Variant C: Results sorted by the user's input criteria (e.g., similar genre or similar plot).
2 testing phases
The first phase of the test was a moderated usability test similar to the lo-fi testing. The second phase was an A/B testing session for the results page.
Testing Summary
Finding 1: New participants enjoyed the suggestion experience and expressed that it was straightforward and clear, reaffirming my findings from the low-fidelity testing sessions.
Finding 2: Returning participants enjoyed the addition of the book synopsis on the "Suggested Titles" page.

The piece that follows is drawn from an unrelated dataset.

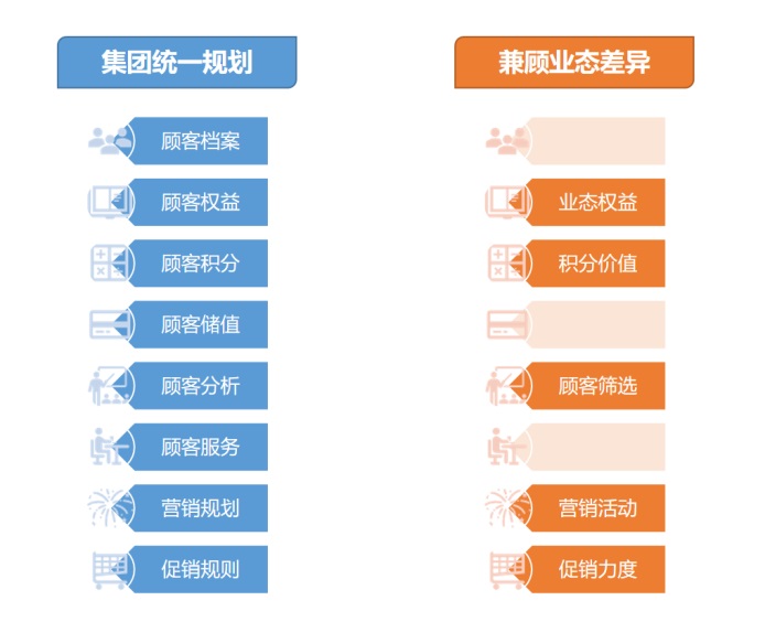 完成集團(tuán)內(nèi)大賣場、百貨店、社區(qū)超市、便利店、家居建材賣場、購物中心、奧特萊斯、分銷代理等各業(yè)態(tài)、各品牌的會員體系的整合。一方面,實(shí)現(xiàn)跨業(yè)態(tài)、跨渠道會員身份共享、業(yè)態(tài)間權(quán)益引流。另一方面,在會員權(quán)益、積分價(jià)值、營銷活動設(shè)置等方面兼顧各業(yè)態(tài)特點(diǎn)差異。在為顧客帶來更加流暢、便捷體驗(yàn)的同時(shí),通過更為豐富、準(zhǔn)確的大數(shù)據(jù)采集,進(jìn)行顧客精準(zhǔn)畫像,通過深度洞察與精細(xì)運(yùn)營,實(shí)現(xiàn)顧客全生命周期管理,更好的服務(wù)于消費(fèi)者。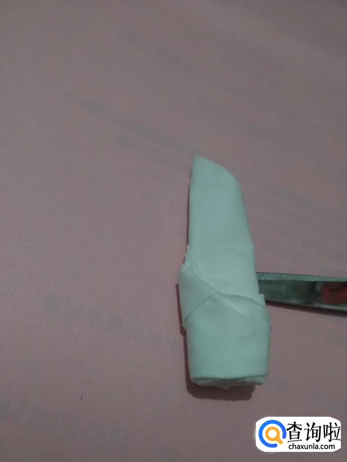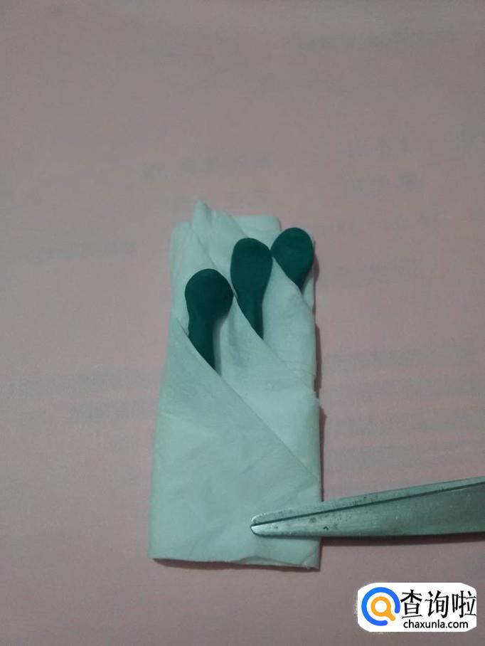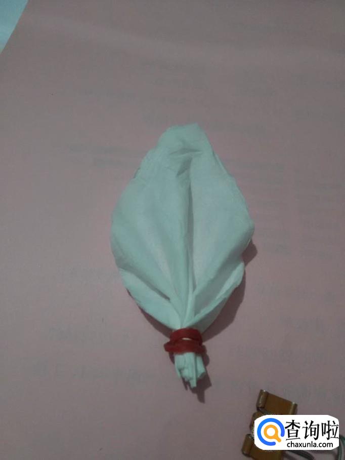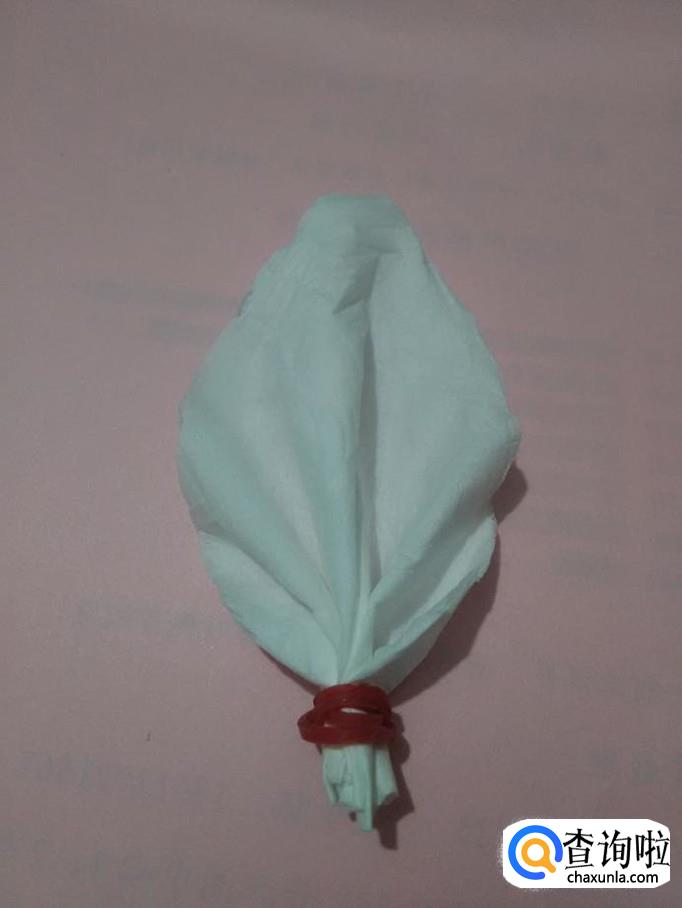 用皮筋将叶子下方缠好,叶子就折好了。

Finding 3: Participants liked Variants B and C from the A/B testing session. Therefore, a combination of the two screens would provide the most clarity
The Final Design
Putting It All Together with High-Fidelity Prototyping
The final prototype reimagines book discovery on Goodreads through a more personalized and engaging recommendation experience. Instead of relying on popularity-driven suggestions, the experience allows users to discover books based on mood, themes, genres, and more, curating recommendations that feel more relevant to what readers actually want in the moment.
Write a review
Similar to Goodreads' existing flow, users will be prompted to rate their book and write a review. Once they've completed this step they'll be prompted to either finish or find their next read.




Describe your last read
Users will be asked whether they want a book that is similar to one they just read or a new book. If they choose a similar book, they will be asked to describe what they liked so the algorithm can find books that match those criteria.
Start reading
The user's final step is to choose their next read from the list of suggested titles. Users can view each book's rating, synopsis, and similarities to their previous read. From this list, users can then access each book's full page and add it to their list.


Reflection
This project taught me that personalization is about more than just algorithms, it's about helping users feel understood in moments of decision-making. Designing for both casual and avid readers also showed me how different users approach reading, from seeking inspiration and guidance to wanting precision, analytics, and control.
Due to the rapid pace of this project, I also explored how AI tools could support and accelerate parts of my workflow without replacing the research process. Using the tool to synthesize interview findings, explore competitor patterns, and iterate on UX copy allowed me to spend more time validating ideas through testing and refinement.
This project ultimately strengthened my understanding of iterative design within an existing ecosystem and reinforced the importance of grounding project decisions in real user behaviors, clarity, and long-term engagement.